- [Exercise details]: Look through the listing below and report the lines that have the word "Ortsunkundige" in them.

- [Excerpted records]:

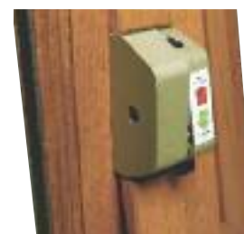
Pivot avec arrêt à 25° et blocage à 180° par bouton poussoir
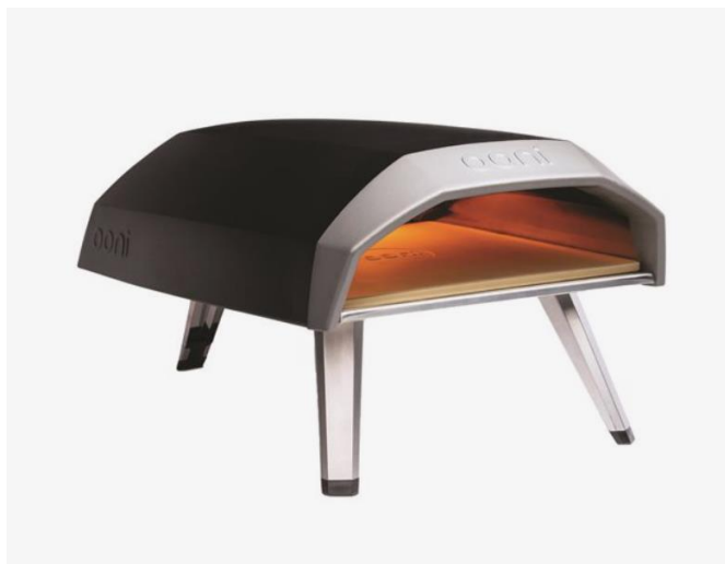
Cuptor pizza OONI Koda 12
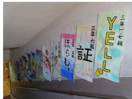
合唱コンめくりプログラム

次は進路に向けてとなりますが、懇談会での話をもとに、この後の約1ヶ月、将来のことや卒業後の進路先のことについて、お子たちの考えに耳を傾けていただきながら、十分にお話し合いをしていただきたいと思います。よろしくお願い致します。
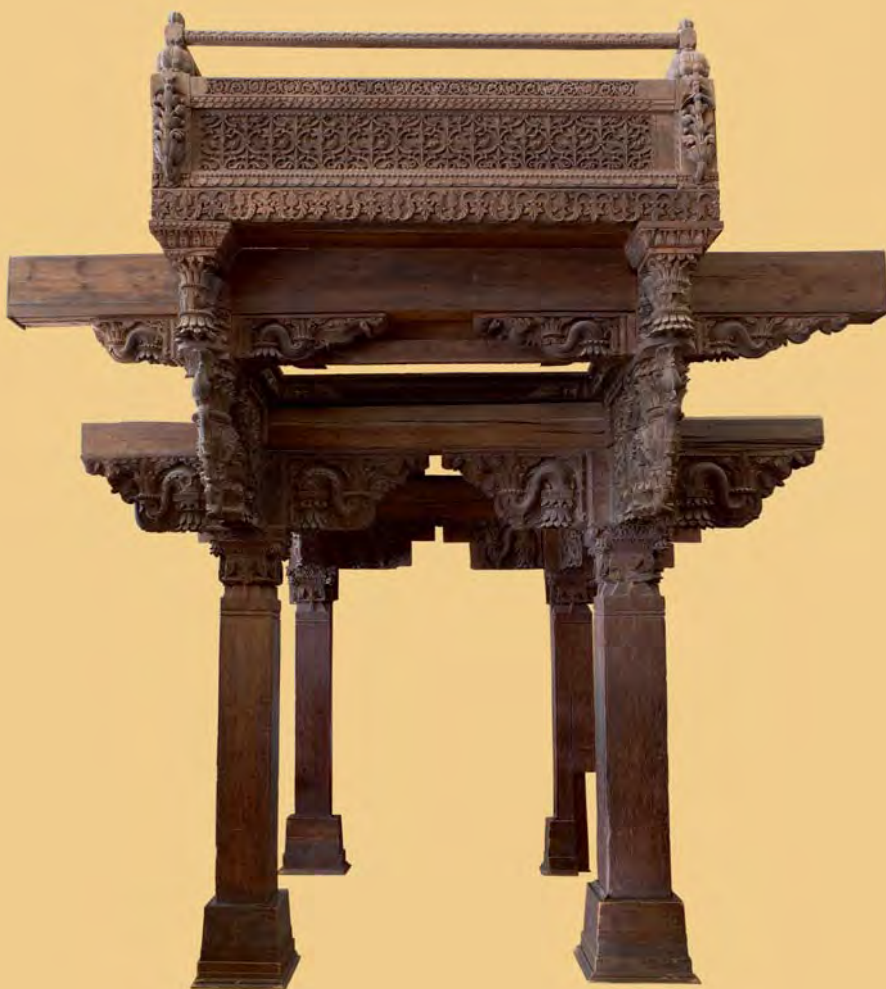
▲ Часть дворцовой террасы. XVIII в.

Резной портик из тикового дерева сохранился от дворца XVIII в. Хингнас-вара, что значит «Дворец целебной смолы и нюхательного табака». Он принадлежал пешвам , наследственным премьер-министрам одного из индийских государств, Махараштры (ныне — штат Республики Индия).
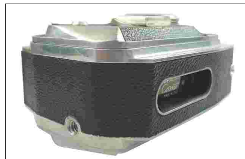
Fig 4 – Comet III vista della parte inferiore
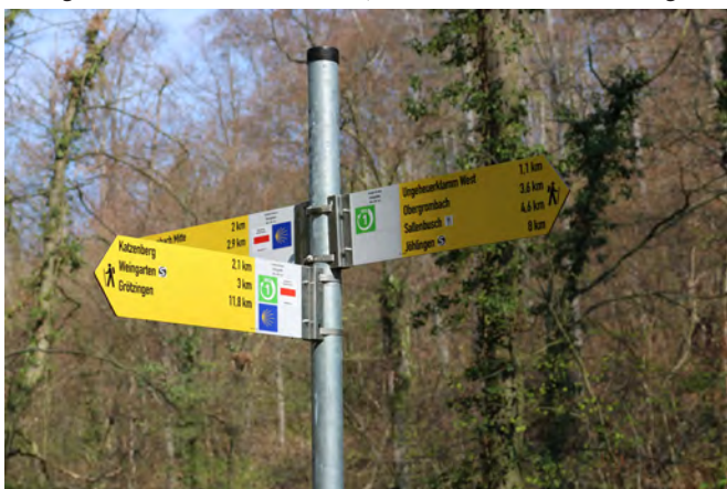
152 Wegweiser und Einzelschilder erleichtern die Orientierung und versetzen selbst Ortsunkundige in die Lage, den "WG 1" selbständig zu erwandern

Der Gemeindefunktionär Kay Ostwald hatte zusammen mit dem Bauhof 152 Schilder installiert: richtungsweisende mit Entfernungsangaben an Kreuzungen und einfache Bestätigungsschilder auf der Strecke, um dem Wanderer Sicherheit zu geben. Unter seiner Leitung machte sich der Trupp auf den Weg. Vom Parkplatz aus nach Norden Richtung Ungeheuerklamm. Bei höchst angenehmem Wetter zeigte sich der Wald in diesem feuchtschattigen Gebiet in sanft frühlingshaftem Grün. Am Ende der Klamm führte ein sanfter, aber sehr langgezogener Aufstieg zum Grillplatz auf dem Höheforst. Hier wartete zur freudigen Überraschung vieler Teilnehmer ein handfester Imbiss mit Gulasch- oder Gemüsesuppe, Brot und Erfrischungsgetränken. Ein Drittel des 14 Kilometer langen Weges war jetzt geschafft. Von dort aus führte der Weg, so gut markiert, dass selbst gänzlich Ortsunkundige ihn nicht verfehlen konnten, zur Siedlung Sallenbusch. Die einzige Asphaltstrecke auf dem ansonsten wunderbar angenehm zu gehenden Wald- und Wiesenweg führte von der Sallenbusch-Siedlung zur L 559. Es folgte der Rückmarsch ins Dorf, über den Schmalensteinweg zum

- [Task result]:
152 Wegweiser und Einzelschilder erleichtern die Orientierung und versetzen selbst Ortsunkundige in die Lage, den "WG 1" selbständig zu erwandern
Der Gemeindefunktionär Kay Ostwald hatte zusammen mit dem Bauhof 152 Schilder installiert: richtungsweisende mit Entfernungsangaben an Kreuzungen und einfache Bestätigungsschilder auf der Strecke, um dem Wanderer Sicherheit zu geben. Unter seiner Leitung machte sich der Trupp auf den Weg. Vom Parkplatz aus nach Norden Richtung Ungeheuerklamm. Bei höchst angenehmem Wetter zeigte sich der Wald in diesem feuchtschattigen Gebiet in sanft frühlingshaftem Grün. Am Ende der Klamm führte ein sanfter, aber sehr langgezogener Aufstieg zum Grillplatz auf dem Höheforst. Hier wartete zur freudigen Überraschung vieler Teilnehmer ein handfester Imbiss mit Gulasch- oder Gemüsesuppe, Brot und Erfrischungsgetränken. Ein Drittel des 14 Kilometer langen Weges war jetzt geschafft. Von dort aus führte der Weg, so gut markiert, dass selbst gänzlich Ortsunkundige ihn nicht verfehlen konnten, zur Siedlung Sallenbusch. Die einzige Asphaltstrecke auf dem ansonsten wunderbar angenehm zu gehenden Wald- und Wiesenweg führte von der Sallenbusch-Siedlung zur L 559. Es folgte der Rückmarsch ins Dorf, über den Schmalensteinweg zum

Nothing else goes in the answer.